Hematopoietic Stem Cell Transplantation (HSCT)

• Basics: Replacement of diseased or deficient marrow with healthy stem cells from bone marrow, cord blood, or peripheral blood.

• Types:

  • Autologous HSCT: Uses the patient’s own marrow-derived cells.

  • Allogeneic HSCT: Uses donor-derived cells (related or unrelated, sometimes matched cord blood).

• Donor Matching: HLA-matched sibling donor provides best outcomes ($\approx 14\%$ of children with SCD have a matched sibling); unrelated donors or cord blood are options when no match in family.

• Procedure Overview:

  • Conditioning: Chemotherapy with or without total body irradiation to eradicate diseased marrow and suppress the immune system.

  • Transplant Infusion: Donor stem cells infused intravenously; cells engraft in bone marrow within 2–4 weeks.

  • Post-transplant: Pancytopenia lasts several weeks; risk of infection, anemia, and bleeding; graft-versus-host disease (GVHD) is a major concern.

• Nursing Considerations:

  • Strict isolation during conditioning and early engraftment.

  • Monitor organ function and hydration, nutrition, and infection signs.

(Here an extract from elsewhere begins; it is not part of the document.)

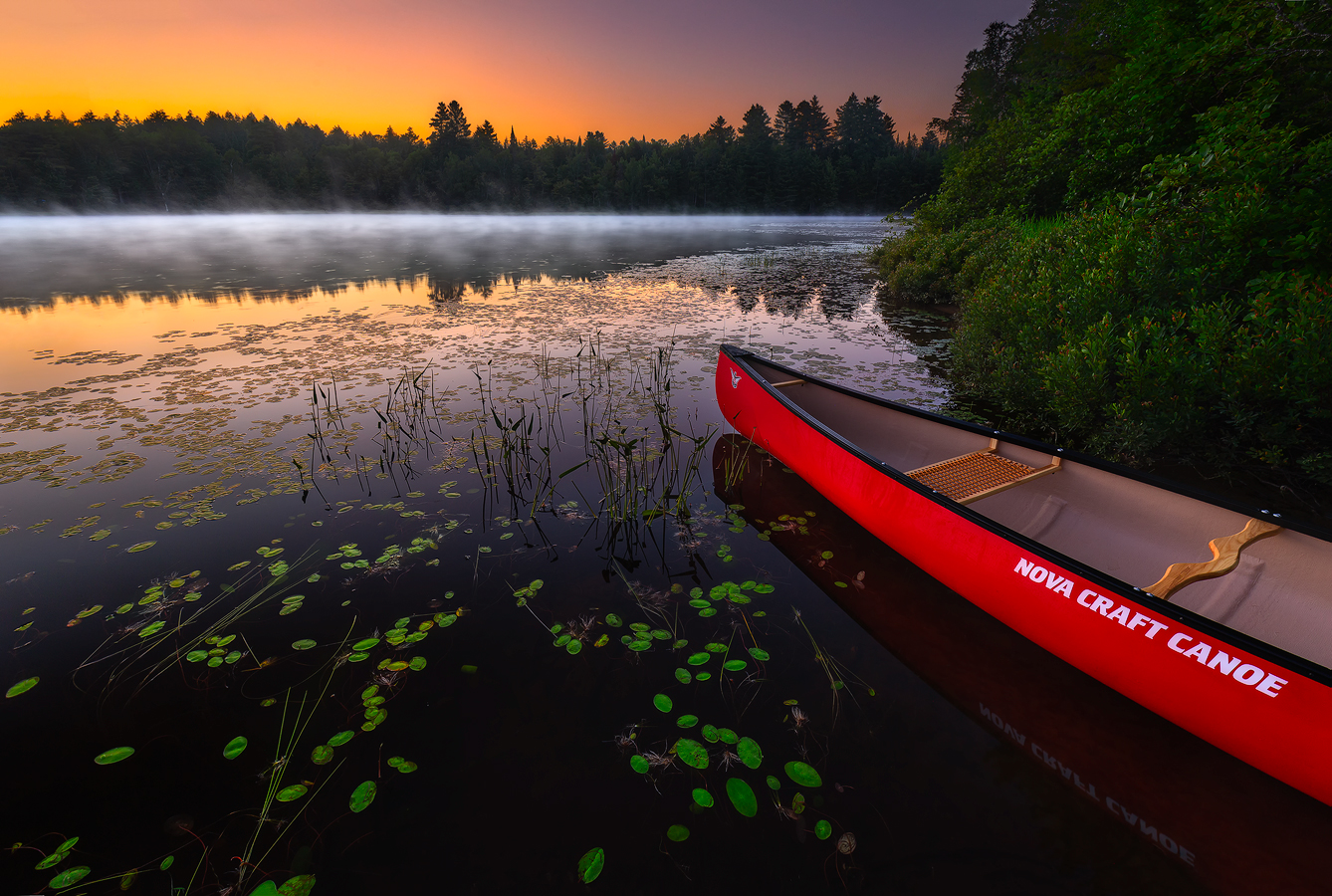 “Bobby” rests on the banks of a peaceful pond at sunrise on a perfect summer morning. Adirondack Mountains, New York. Prints Available.

  • Post-discharge: Teach home care, medication administration, signs of GVHD, and when to seek care; coordinate follow-up and school reintegration.

  • Family support and psychosocial considerations are essential.

• Outcomes: Goal is proper marrow function with normal blood cell production; overall success includes infection prevention, good nutrition, and prevention of GVHD.

Growth and Development (and Safety Alerts)

• Developmental Physiology of Hematopoiesis:

  • RBC production begins as early as the second week of gestation; WBC and platelet production by 8 weeks gestation.

  • Early production in yolk sac and liver; bone marrow becomes dominant by 20–24 weeks.

  • Newborns have elevated RBC counts due to high erythropoietin levels; RBC levels fall to about $9-11\ \mathrm{g/dL}$ by 2–3 months, then rise toward adult levels.

  • Newborns have lower platelet levels than older children and adults.

• Growth Monitoring: Regular height/weight measurements, growth percentile tracking, nutritional assessment.

• Safety Alerts and Considerations:

  • Medication Safety: Store medications (e.g., oral iron) safely to avoid accidental poisoning.

  • Infection Prevention: Critical in conditions like SCD and during HSCT.

  • Hydration: Emphasize critical role in managing crises (especially SCD).

  • Genetic counseling for inherited disorders.

  • Importance of newborn screening and immunizations.

  • Safe practices for transfusions (two-RN check, appropriate fluid use).

  • Education for families and school personnel on long-term care and transition to adulthood. The developmental changes in hematologic values influence interpretation of complete blood counts in infants and children.